Prisoner Review Board member resigns before Senate confirmation vote
SPRINGFIELD - A Prisoner Review Board member facing Senate confirmation submitted his resignation on Monday.
Oreal James resigned by way of a letter to Gov. J.B. Pritzker.
James, a certified mediator focused on restorative justice in public education, was appointed by Pritzker in April 2019. James received his undergraduate and law degree from DePaul College of Law.
"Thank you for the opportunity to serve the state of Illinois while on the Prisoner Review Board," James stated in his resignation letter to Pritzker. "I took seriously the responsibility to apply the law as it is written in our constitution. These laws direct the board to be fair to all without bias or prejudice. This too, is all you have ever asked of me. It is my hope I have fulfilled this request completely."
James could not be reached for comment on Monday afternoon.
It's the latest shake-up on the governor-appointed board that has seen heavy Republican scrutiny in the last year as the Senate repeatedly delayed hearing several of Pritzker's appointees.
The board determines whether offenders should be released from Illinois Department of Corrections custody and what the terms of their release should be. It also makes recommendations on clemency, arbitrates the calculation of good time credit, and reviews cases of those who violate the terms of their parole to decide whether they should be returned to prison. The job pays roughly $90,000 per year.
James and Eleanor Kaye Wilson were originally appointed to the 15-member Prisoner Review Board by Pritzker in April 2019, but those appointments were withdrawn in March 2021 and submitted just days later. Last week, their appointments moved out of the Senate Executive Appointments Committee without a recommendation.
The Senate must vote on Wilson's appointment by Tuesday or she will automatically be approved. A 60-session-day clock that was scheduled to expire Monday was extended one day after the Senate canceled last Friday's session.
Under the law, a gubernatorial appointment must be approved within 60 session days otherwise they become confirmed automatically. Wilson and James came under scrutiny when their appointments were pulled and then resubmitted by Pritzker to restart the 60-session-day clock in which their appointments could be heard by the committee. This practice is allowed under Senate rules and has been used by previous governors.
Pritzker said it was a move he had to use as the Senate neglected to act on his appointments, while Republicans countered it was a way to circumvent votes on controversial nominees.
The committee discussion for the appointees largely centered on the board members' votes to release certain individuals, including two men in their 70s in prison for the 1976 killing of a state trooper and a woman who killed her two newborn daughters while suffering from postpartum psychosis.
Wilson was director of DePaul University's School for New Learning, as well as director of urban programs at Chicago City-Wide College, and is the godmother to the former President Barack Obama's daughters, Sasha and Malia.
After James' resignation, there are seven members on the 15-member board. Of those, LeAnn Miller, Jared Bohland, Ken Tupy and Wilson need Senate approval. Tupy and Bohland were recommended by the Executive Appointments Committee unanimously. Miller was also recommended.

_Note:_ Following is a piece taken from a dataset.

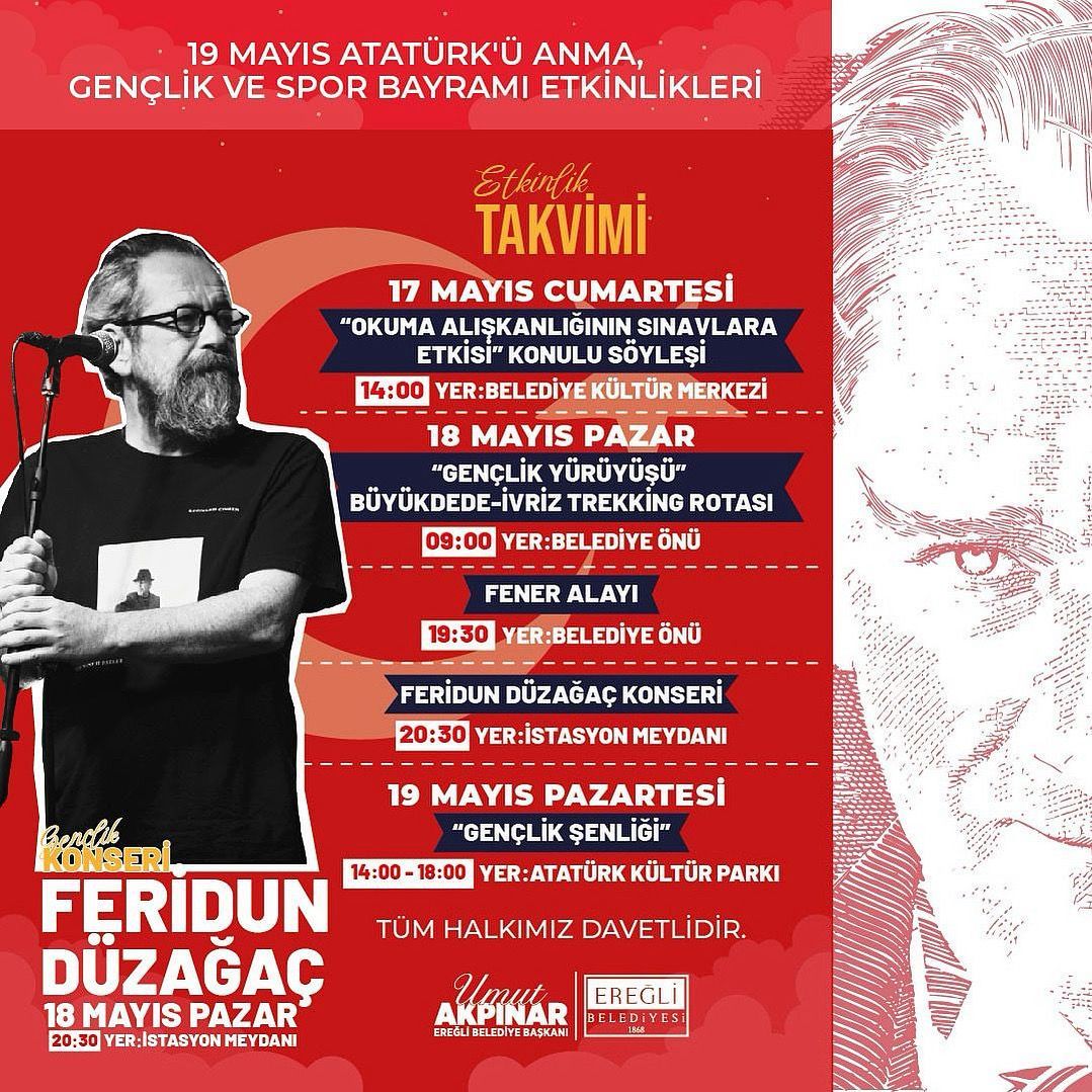 Konya Ereğli Belediyesi, 19 Mayıs Atatürk’ü Anma, Gençlik ve Spor Bayramı kapsamında 18 Mayıs Pazar akşamı düzenlenecek fener alayının ardından ünlü sanatçı Feridun Düzağaç’ı İstasyon Meydanı'nda Ereğlililerle buluşacak.

Another appointee, Jeff Mears, was rejected by the Senate last week after receiving a recommendation from the committee. He received just 22 votes, as 18 Democrats chose not to vote on Mears' appointment and one Democrat, Patrick Joyce of Essex, joined Republicans in voting against it.
Two weeks ago, Pritzker pulled the appointment of Max Cerda, a Prisoner Review Board board member who was convicted of a double murder when he was 16 and paroled in 1998. It appeared Cerda would not have enough Senate support for approval.
Last year, the Prisoner Review Board held 4,595 revocations hearings across the state. The board is scheduled to hear clemency petitions from April 12 to 15. Also, the board will hear petitions for release under the Joe Coleman Act that went into effect on Jan. 1. The Act will allow offenders that suffer from a terminal illness or medical incapacitation to file a medical release application.